Background information
- Born: Emilie Bernier Saint-Jean-Port-Joli, Quebec
- Genres: Alternative, pop, indie pop, pop rock
- Occupations: Singer, songwriter
- Instruments: Vocals, piano
- Years active: 2009–present
- Website: www.emijeen.com

= Emi Jeen =

Canadian Alt-Pop singer

Emi Jeen (born Emilie Bernier) is a Canadian alt-pop singer-songwriter from Saint-Jean-Port-Joli, Quebec.

Her debut single, "Runaway", was released on August 7, 2020. Her debut EP, The Other Side, was released on October 30, 2020. In 2022, she gained attention after a viral TikTok video (17 million views) of her singing a cover of "Bring Me To Life" by Evanescence. She released her second project, the EP Why So Serious, on September 16, 2022. She opened for Our Lady Peace at the Festivent 2023 and released her third EP, Terrible Perfect Timing, on October 23, 2023. In 2024, she initiated a project to release a song each month for eight consecutive months, resulting in two EPs titled Razzle and Dazzle. During the same year, Jeen joined Kelsy Karter and the Heroines on a tour across the United States and toured Europe and the United Kingdom with Charlotte Sands.

== Biography ==
Emi Jeen started singing with her mother in local clubs.
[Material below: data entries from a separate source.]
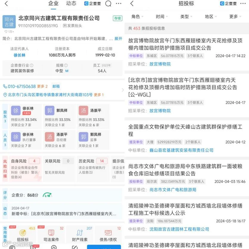 企查查信息显示,北京同兴成立于1999年,注册资金1080万元,法定代表人为徐长林。公开资料显示,先后中标全国多地文保单位修缮工程,其中包含大同代王府中轴前导区仿古建筑群油饰彩画工程、故宫博物院故宫的部分抢修和文物建筑保护修缮工程,全国重点文保单位天峰山古建筑群、原齐鲁大学近现代建筑群等。今年3月份,北京同兴成为清昭陵神功圣德碑亭屋面和方城西墙北段墙体修缮工程中标候选人。
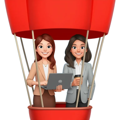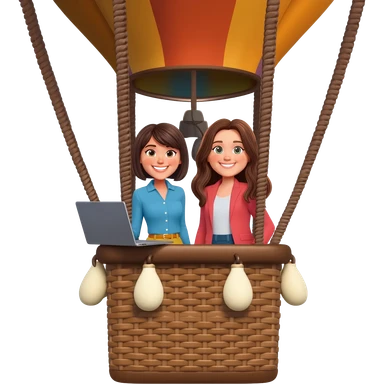 two female startup founders in a hot air balloon you can see the whole hot air balloon emoji
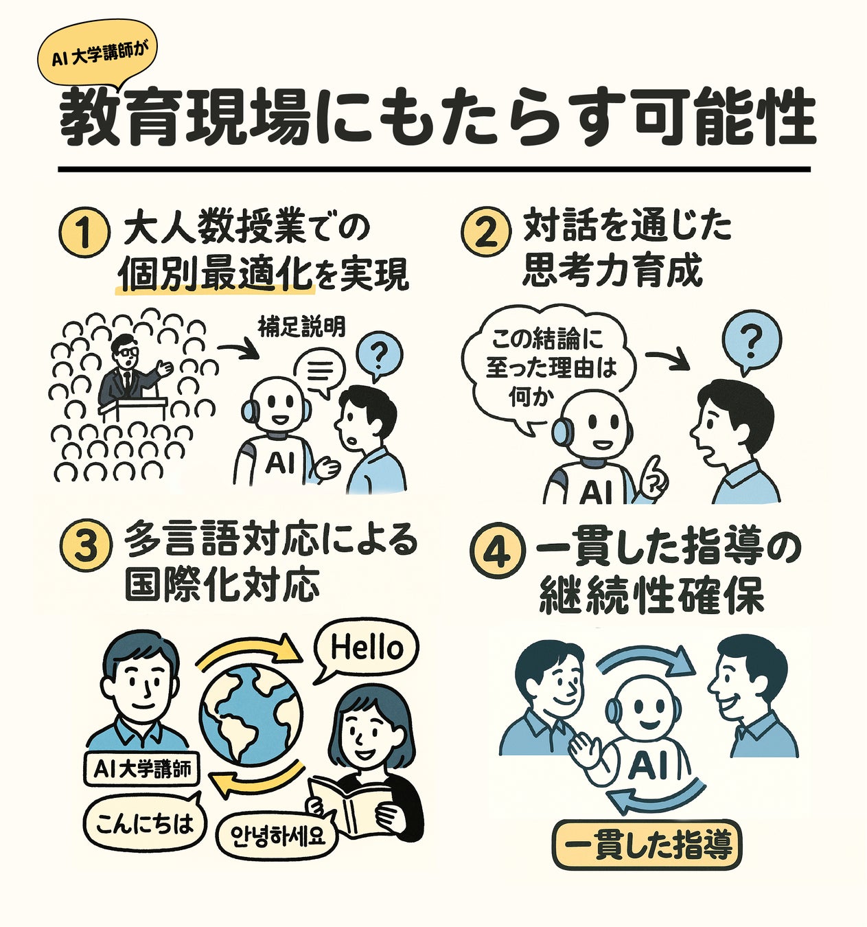 「AI大学講師」の導入により、高等教育の現場に新たな教育価値が生まれています。本サービスを導入することで、次のような効果が期待されます。
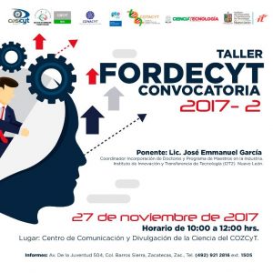 Por ello, el Consejo Zacatecano de Ciencia, Tecnología e Innovación (Cozcyt) impartirá el taller FORDECYT Convocatoria 2017-2, con el propósito de capacitar a integrantes de empresas e instituciones educativas interesados en participar en la convocatoria y obtener los recursos federales.
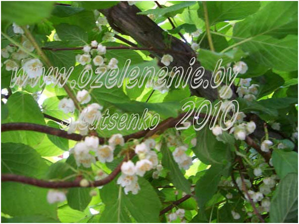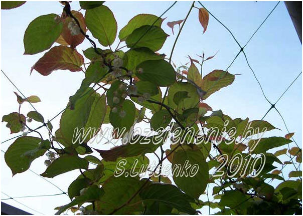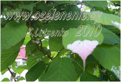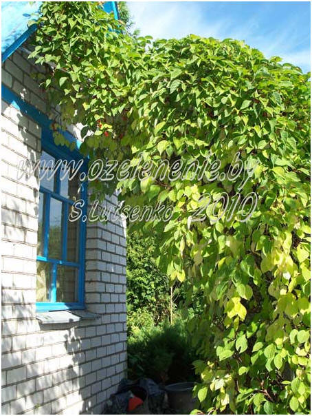 Актинидия. Выращивают актинидию ради вкусных, съедобных плодов – маленьких киви. Эта теплолюбивая лиана, родом из Новой Зеландии, уже прочно обосновалась на наших участках, и умудряется давать неплохие урожаи. Для того чтобы актинидия плодоносила, необходимо высаживать одно мужское растение на 2-4 женских. Хотя, в последнее время в селекции появились и самоплодные сорта. Давно знакомая нам А. коломикта созревает в сентябре. Но если вы приобрели саженцы новых сортов, в том числе – крупноплодных, – и глубокой осенью плоды ещё выглядят незрелыми, не отчаивайтесь. Соберите урожай, и ягоды дозреют дома, в миске, за 1-3 дня. Актинидия – мощная, тяжелая лиана, поэтому опору для неё нужно строить крепкую и устойчивую, естественно, не металлическую (металл – слишком холоден зимой). Старайтесь посадить актинидию подальше от живых деревьев, потому что, обвившись вокруг дерева, лиана может его задушить. Этим растением можно увить садовую беседку или перголу – плотная зелень надёжно защитит вас от ветра и дождя. Актинидия коломикта в цвету.
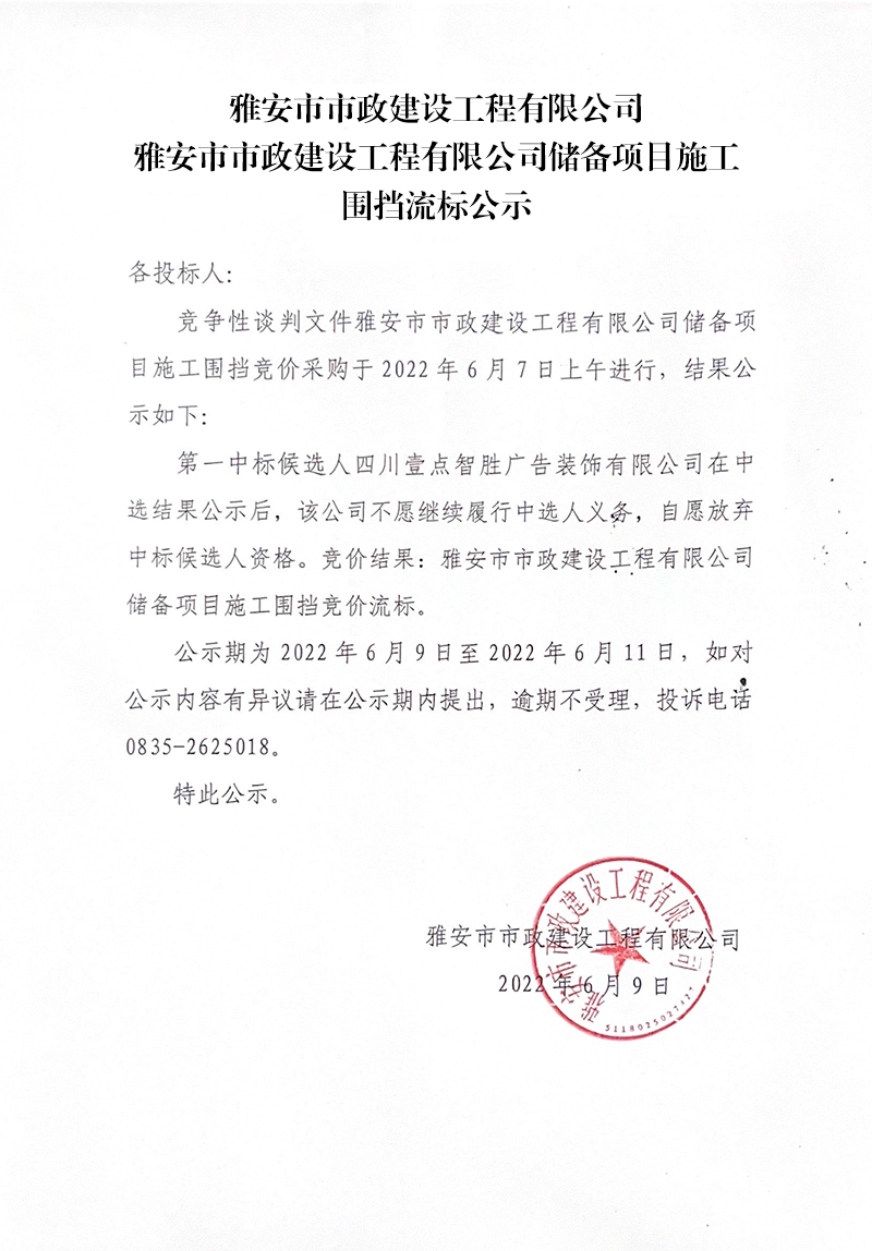 雅安市市政建設(shè)工程有限公司儲備項目施工圍擋流標(biāo)公示

Her interest in music evolved into taking classical music singing lessons by the age of 10.

In 2010, she attended Concordia University, where she graduated in communication studies.

She then toured in six countries from Malaysia to Morocco with the all-girl group, A.K.A. Their song "Hot For Me" was picked up by Ubisoft for their Just Dance 4 video game.

== Discography ==
- The Other Side (EP, 2020)
- Why So Serious (EP, 2022)
- Terrible Perfect Timing (EP, 2023)
- Razzle (EP, 2024)
- Dazzle (EP, 2024)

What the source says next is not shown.